Given material below:
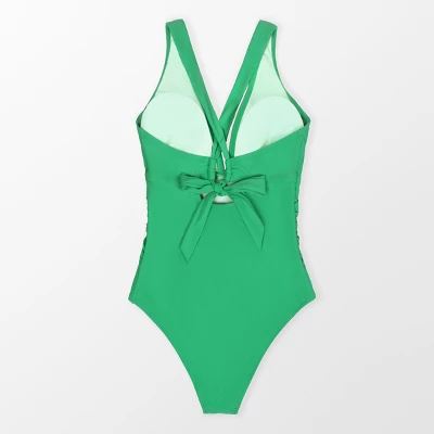 The Shirred Halter Plus Size One Piece Swimsuit will turn some heads at the beachside. The vintage-inspired one piece features halter ties, adjustable cross back straps, and a plunging neckline, making it the perfect choice for a stylish and confident day by the waves. Crafted in a lush green thatโs generously shirred in the center to flatter your feminine form.Product Code: CAPF1103GG
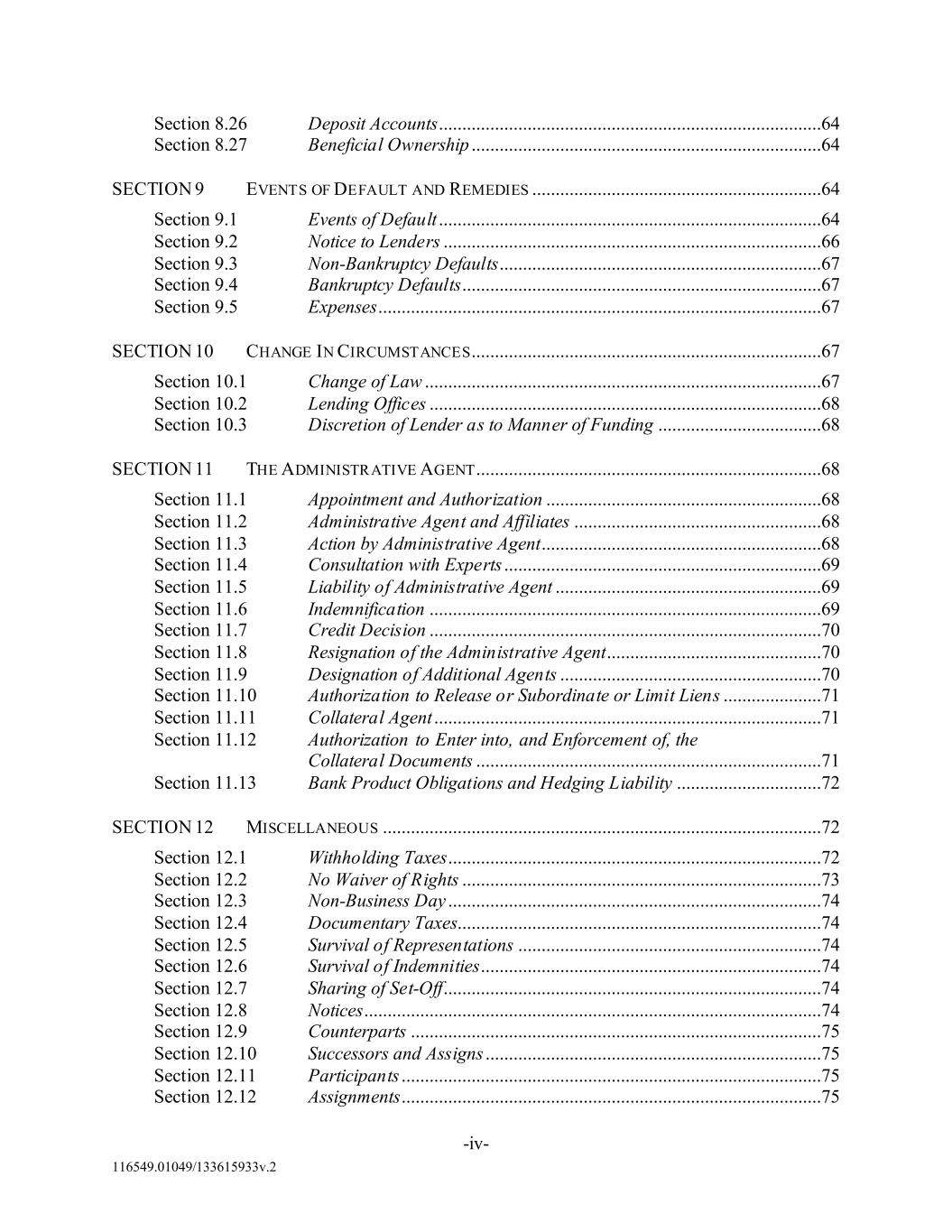-iv- 116549.01049/133615933v.2 Section 8.26 Deposit Accounts..................................................................................64 Section 8.27 Beneficial Ownership ...........................................................................64 SECTION 9 EVENTS OF DEFAULT AND REMEDIES ..............................................................64 Section 9.1 Events of Default ..................................................................................64 Section 9.2 Notice to Lenders .................................................................................66 Section 9.3 Non-Bankruptcy Defaults.....................................................................67 Section 9.4 Bankruptcy Defaults.............................................................................67 Section 9.5 Expenses...............................................................................................67 SECTION 10 CHANGE IN CIRCUMSTANCES...........................................................................67 Section 10.1 Change of Law .....................................................................................67 Section 10.2 Lending Offices ....................................................................................68 Section 10.3 Discretion of Lender as to Manner of Funding ...................................68 SECTION 11 THE ADMINISTRATIVE AGENT..........................................................................68 Section 11.1 Appointment and Authorization ...........................................................68 Section 11.2 Administrative Agent and Affiliates .....................................................68 Section 11.3 Action by Administrative Agent............................................................68 Section 11.4 Consultation with Experts ....................................................................69 Section 11.5 Liability of Administrative Agent .........................................................69 Section 11.6 Indemnification ....................................................................................69 Section 11.7 Credit Decision ....................................................................................70 Section 11.8 Resignation of the Administrative Agent..............................................70 Section 11.9 Designation of Additional Agents ........................................................70 Section 11.10 Authorization to Release or Subordinate or Limit Liens .....................71 Section 11.11 Collateral Agent ...................................................................................71 Section 11.12 Authorization to Enter into, and Enforcement of, the Collateral Documents ..........................................................................71 Section 11.13 Bank Product Obligations and Hedging Liability ...............................72 SECTION 12 MISCELLANEOUS ..............................................................................................72 Section 12.1 Withholding Taxes................................................................................72 Section 12.2 No Waiver of Rights .............................................................................73 Section 12.3 Non-Business Day ................................................................................74 Section 12.4 Documentary Taxes..............................................................................74 Section 12.5 Survival of Representations .................................................................74 Section 12.6 Survival of Indemnities.........................................................................74 Section 12.7 Sharing of Set-Off.................................................................................74 Section 12.8 Notices..................................................................................................74 Section 12.9 Counterparts ........................................................................................75 Section 12.10 Successors and Assigns ........................................................................75 Section 12.11 Participants ..........................................................................................75 Section 12.12 Assignments..........................................................................................75
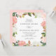 Elegante blumengeschmückte Einladungen mit Ihren Hochzeitsdetails, gerahmt von den blau-rosa Aquarell-Rose und Tulpen mit üppig grünen und kupfer Blätter. Die viereckigen, blumengeschmückten Einladungen kehren zu einem hellrot-rosa Hintergrund zurück. Entworfen, um mit unserer Blush Spring Bloral Hochzeitskollektion zu koordinieren.
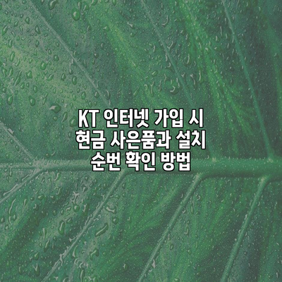 KT 인터넷 가입은 현금 사은품과 설치 순번 관리가 중요해요. 성공적으로 사은품을 최대한 받을 수 있는 방법은 사전 비교와 계획 설정이에요. 또한, 설치 일정과 준비 사항을 사전에 점검하면 문제 없이 서비스를 이용할 수 있답니다.
End of Given material.
• Activity
Transcribe all the lines above exactly, apart from the pictures.

• Exercise result
 The Shirred Halter Plus Size One Piece Swimsuit will turn some heads at the beachside. The vintage-inspired one piece features halter ties, adjustable cross back straps, and a plunging neckline, making it the perfect choice for a stylish and confident day by the waves. Crafted in a lush green thatโs generously shirred in the center to flatter your feminine form.Product Code: CAPF1103GG
-iv- 116549.01049/133615933v.2 Section 8.26 Deposit Accounts..................................................................................64 Section 8.27 Beneficial Ownership ...........................................................................64 SECTION 9 EVENTS OF DEFAULT AND REMEDIES ..............................................................64 Section 9.1 Events of Default ..................................................................................64 Section 9.2 Notice to Lenders .................................................................................66 Section 9.3 Non-Bankruptcy Defaults.....................................................................67 Section 9.4 Bankruptcy Defaults.............................................................................67 Section 9.5 Expenses...............................................................................................67 SECTION 10 CHANGE IN CIRCUMSTANCES...........................................................................67 Section 10.1 Change of Law .....................................................................................67 Section 10.2 Lending Offices ....................................................................................68 Section 10.3 Discretion of Lender as to Manner of Funding ...................................68 SECTION 11 THE ADMINISTRATIVE AGENT..........................................................................68 Section 11.1 Appointment and Authorization ...........................................................68 Section 11.2 Administrative Agent and Affiliates .....................................................68 Section 11.3 Action by Administrative Agent............................................................68 Section 11.4 Consultation with Experts ....................................................................69 Section 11.5 Liability of Administrative Agent .........................................................69 Section 11.6 Indemnification ....................................................................................69 Section 11.7 Credit Decision ....................................................................................70 Section 11.8 Resignation of the Administrative Agent..............................................70 Section 11.9 Designation of Additional Agents ........................................................70 Section 11.10 Authorization to Release or Subordinate or Limit Liens .....................71 Section 11.11 Collateral Agent ...................................................................................71 Section 11.12 Authorization to Enter into, and Enforcement of, the Collateral Documents ..........................................................................71 Section 11.13 Bank Product Obligations and Hedging Liability ...............................72 SECTION 12 MISCELLANEOUS ..............................................................................................72 Section 12.1 Withholding Taxes................................................................................72 Section 12.2 No Waiver of Rights .............................................................................73 Section 12.3 Non-Business Day ................................................................................74 Section 12.4 Documentary Taxes..............................................................................74 Section 12.5 Survival of Representations .................................................................74 Section 12.6 Survival of Indemnities.........................................................................74 Section 12.7 Sharing of Set-Off.................................................................................74 Section 12.8 Notices..................................................................................................74 Section 12.9 Counterparts ........................................................................................75 Section 12.10 Successors and Assigns ........................................................................75 Section 12.11 Participants ..........................................................................................75 Section 12.12 Assignments..........................................................................................75
 Elegante blumengeschmückte Einladungen mit Ihren Hochzeitsdetails, gerahmt von den blau-rosa Aquarell-Rose und Tulpen mit üppig grünen und kupfer Blätter. Die viereckigen, blumengeschmückten Einladungen kehren zu einem hellrot-rosa Hintergrund zurück. Entworfen, um mit unserer Blush Spring Bloral Hochzeitskollektion zu koordinieren.
 KT 인터넷 가입은 현금 사은품과 설치 순번 관리가 중요해요. 성공적으로 사은품을 최대한 받을 수 있는 방법은 사전 비교와 계획 설정이에요. 또한, 설치 일정과 준비 사항을 사전에 점검하면 문제 없이 서비스를 이용할 수 있답니다.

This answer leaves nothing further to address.